22 de abril – 3º domingo da páscoa
“Sou Eu mesmo”
Os discípulos de Emaús contaram o que tinha acontecido no caminho e como tinham reconhecido Jesus ao partir do pão. Enquanto diziam isto, Jesus apresentou-Se no meio deles e disse-lhes: «A paz esteja convosco». Espantados e cheios de medo, julgavam ver um espírito. Disse-lhes Jesus: «Porque estais perturbados e porque se levantam esses pensamentos nos vossos corações? Vede as minhas mãos e os meus pés: sou Eu mesmo; tocai-Me e vede: um espírito não tem carne nem ossos, como vedes que Eu tenho». Dito isto, mostrou-lhes as mãos e os pés. E como eles, na sua alegria e admiração, não queriam ainda acreditar, perguntou-lhes: «Tendes aí alguma coisa para comer?» Deram-Lhe uma posta de peixe assado, que Ele tomou e começou a comer diante deles. Depois disse-lhes: «Foram estas as palavras que vos dirigi, quando ainda estava convosco: ‘Tem de se cumprir tudo o que está escrito a meu respeito na Lei de Moisés, nos Profetas e nos Salmos’». Abriu-lhes então o entendimento para compreenderem as Escrituras. (…)(Lucas)

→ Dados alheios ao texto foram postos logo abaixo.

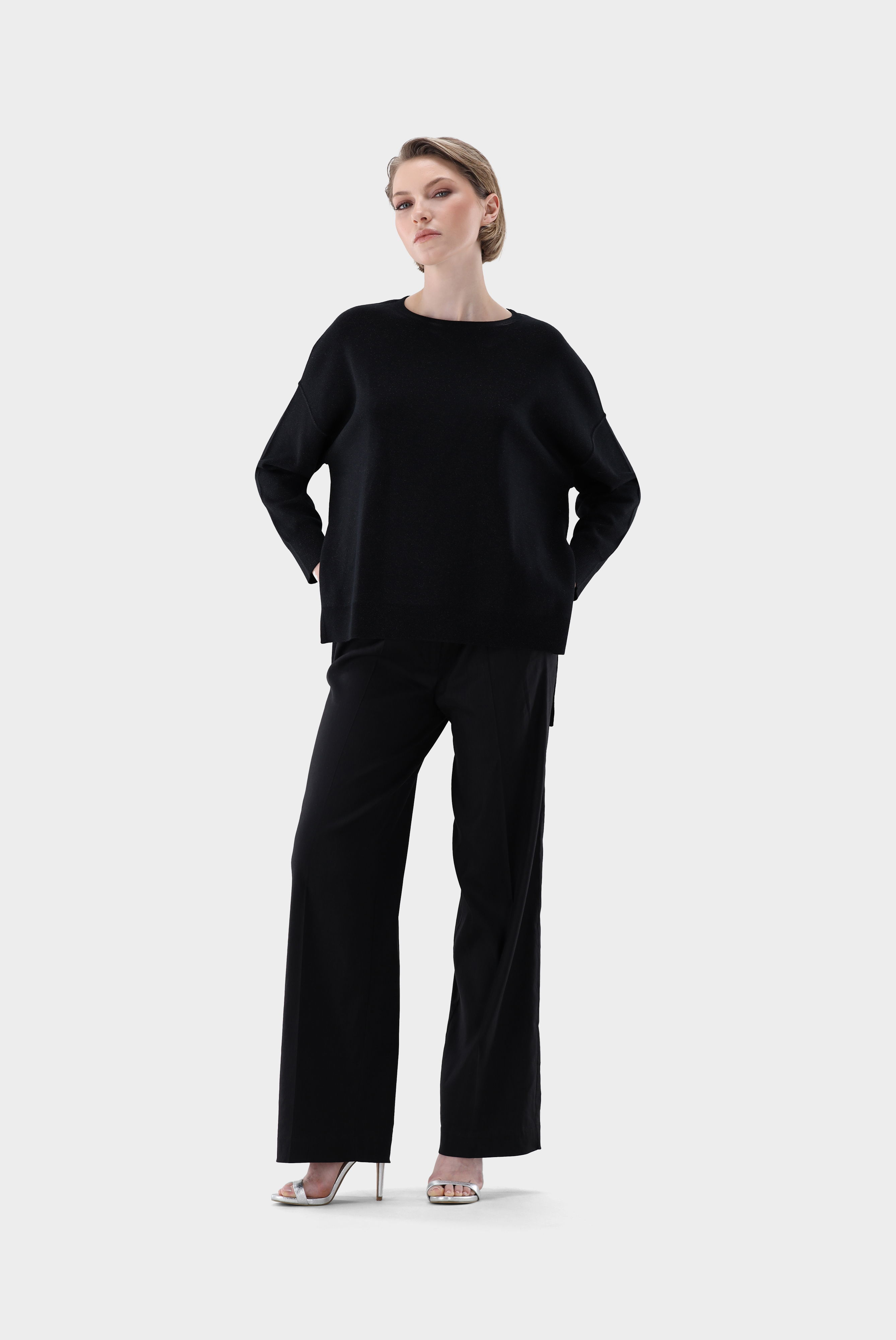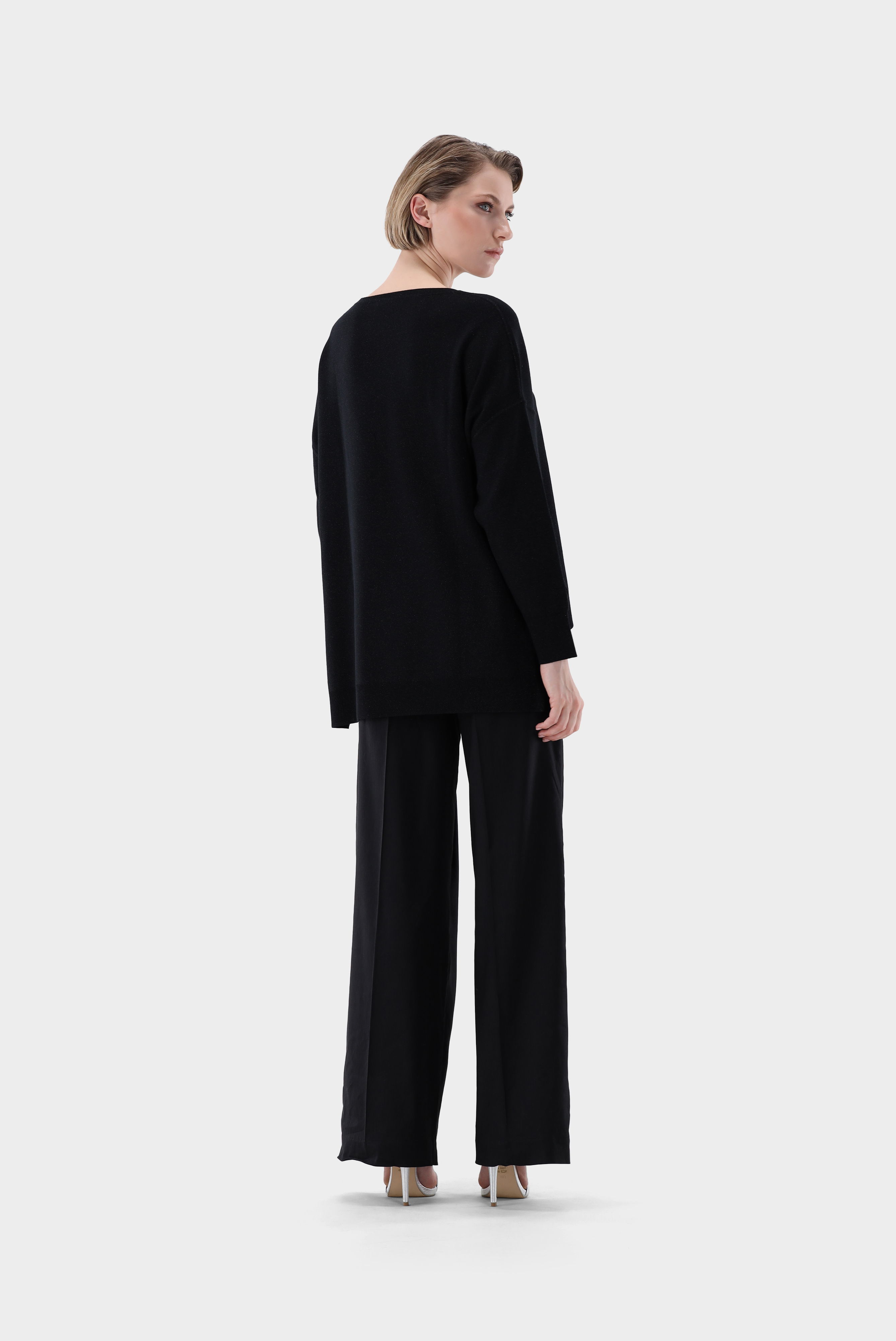 Look aus Pullover aus Merinowolle mit Glitzer Effekt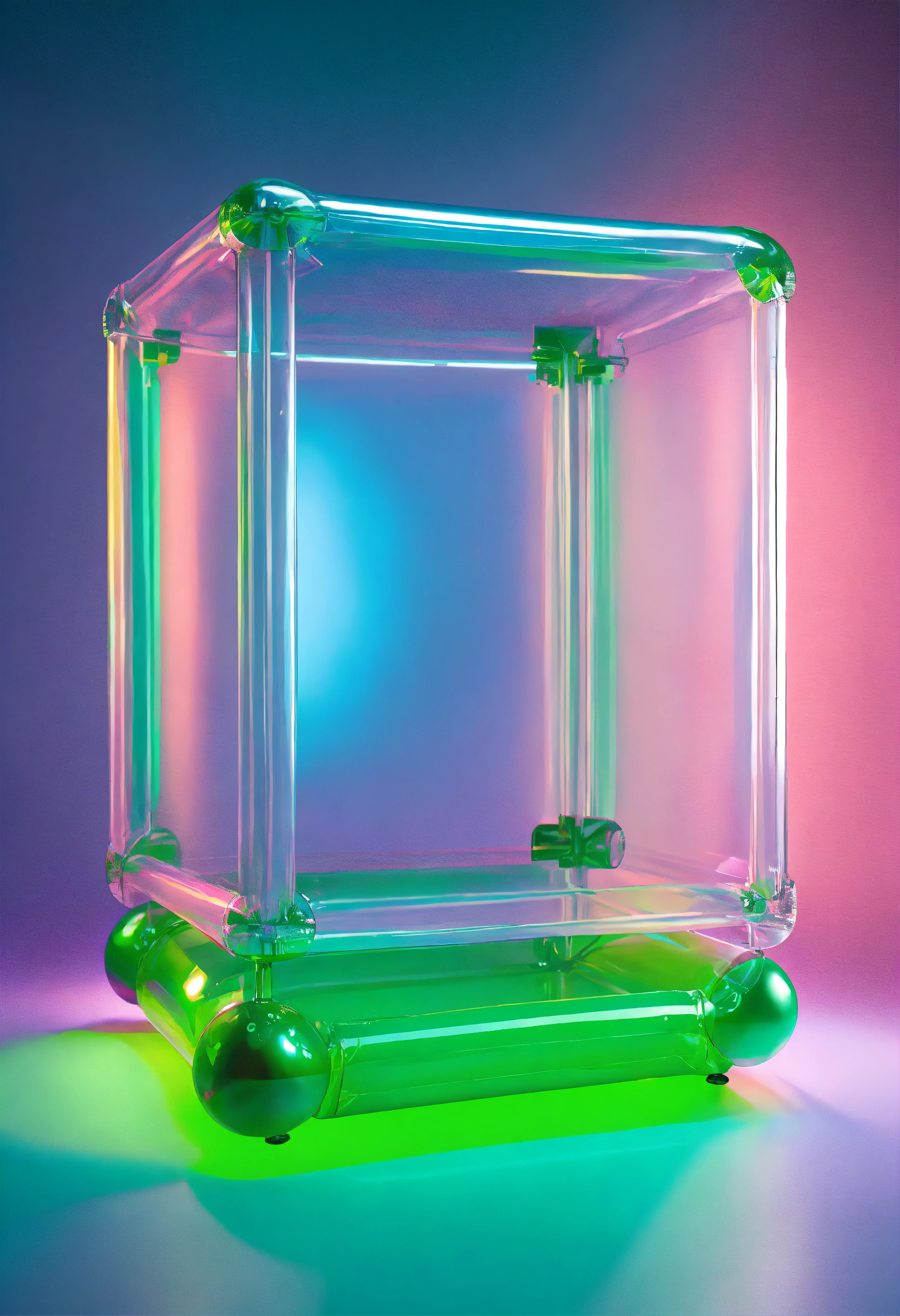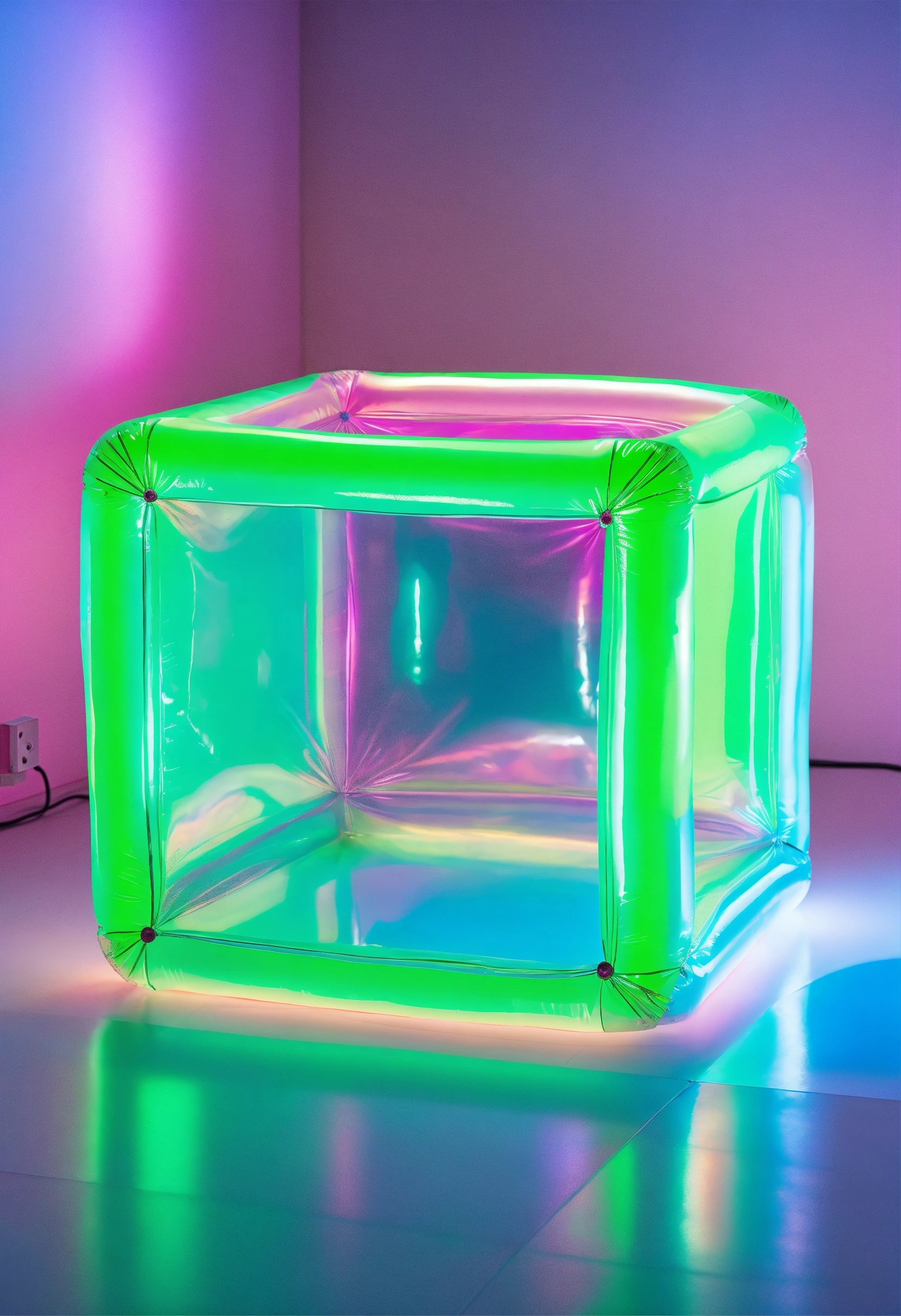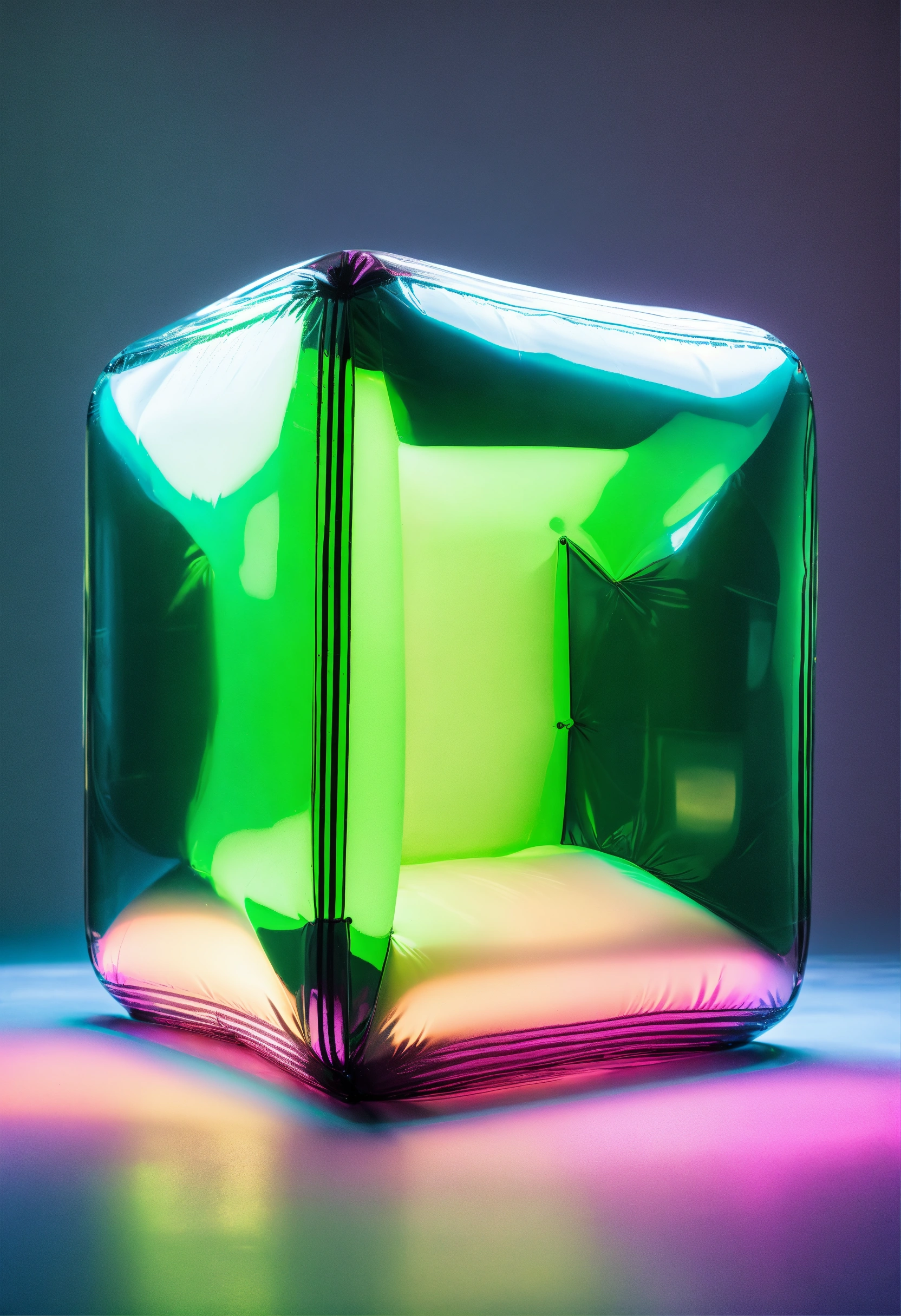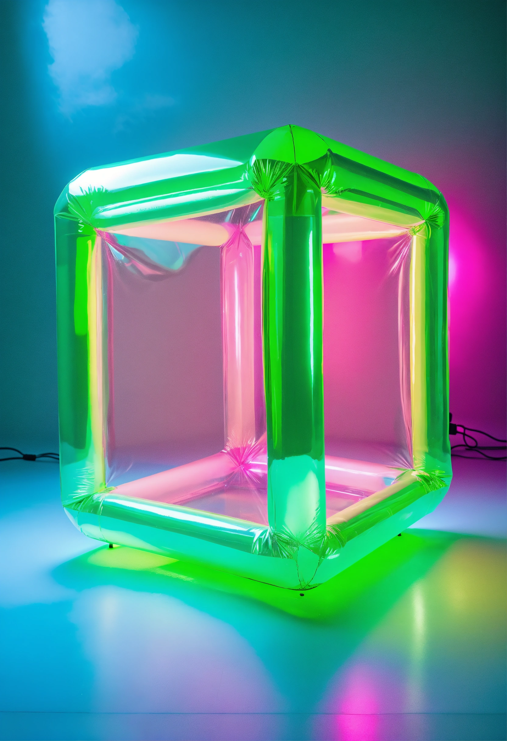Inflatable clear cube, studio photography, some neon green accent color, 4k, iridescent! muted color background! realistic!

A liturgia deste domingo foi buscar o Evangelho ao texto de Lucas, o evangelista do “caminho”. O texto segue-se àquela aparição muito conhecida de Jesus aos discípulos de Emaús.
Mas, aqui, precisamos de fazer um parênteses para dizer que, evidentemente, Deus pode intervir de modo extraordinário (=fora do comum) na História. Se assim não fosse, o próprio Jesus não teria existido, ou não seria Deus. As Aparições do Ressuscitado aos seus discípulos inscrevem-se nessa ação extraordinária de Deus, e S. Paulo, muito cedo, faz um elenco preciso delas, apelando mesmo ao testemunho de muitos que as tiveram e ainda viviam quando ele as elencou. Agora, dito isto, importa dizer outra coisa: as aparições relatadas nos Evangelhos não podem ser lidas como meros relatos factuais, mas têm que ser lidas sobretudo como catequeses, como ensinamentos, porque era essa a intenção dos evangelistas (“isto foi escrito para acreditardes”, como dizia S. João no Evangelho do domingo passado”).
Ora, terminado o parênteses, percebemos que sobretudo esta aparição do Ressuscitado aos discípulos de Emaús, mais do que qualquer uma das outras, está descrita numa estrutura toda catequética, onde se ensina, basicamente, que Jesus Ressuscitado não é visível, não é palpável, mas apenas pode ser descoberto na fé, isto é, ao longo de uma caminhada espiritual que reflete longamente sobre as Escrituras e se abre em celebração comunitária na Eucaristia. De algum modo, todo o relato da Aparição aos discípulos a caminho de Emaús é para dizer que Jesus Ressuscitado não aparece, não é visível com os olhos físicos!: não O reconheceram enquanto andavam; e no momento em que se lhes “abrem os olhos”, Ele desaparece…
Mas depois de afirmar esta radical diferença entre a realidade da Ressurreição e a realidade da Encarnação, ou seja, depois de afirmar que a Ressurreição é outra realidade tão diferente de tudo o que nós conhecemos que não temos “olhos” para a alcançar, a não ser os olhos da fé, Lucas precisa de afirmar uma segunda verdade: as realidades são radicalmente diferentes, mas a pessoa é a mesma, o Ressuscitado vive em dimensões completamente novas, inatingíveis e incognoscíveis por quem se encontra ainda no caminho da vida terrena, mas é o mesmo Jesus que foi crucificado, impotente, sob as ordens de Pilatos, o mesmo Jesus com quem eles comeram peixe assado, o mesmo Jesus que nunca foi um “espírito”, mas uma pessoa completa com carne e ossos. De um modo mais curto: o ressuscitado é Jesus de Nazaré. E aqui voltamos a bater naquela ideia que já afirmámos vigorosamente na semana passada: o nosso Deus é esse Jesus que morreu há 2000 anos (“meu Senhor e meu Deus”); o nosso Deus não é um espírito, naquele sentido de ”espírito” que todos temos na cabeça…; o nosso Deus é o Jesus histórico-ressuscitado, em quem se cumpriram todas as Escrituras. Era nisto que os apóstolos, apesar da alegria de O verem ressuscitado, “não queriam ainda acreditar”.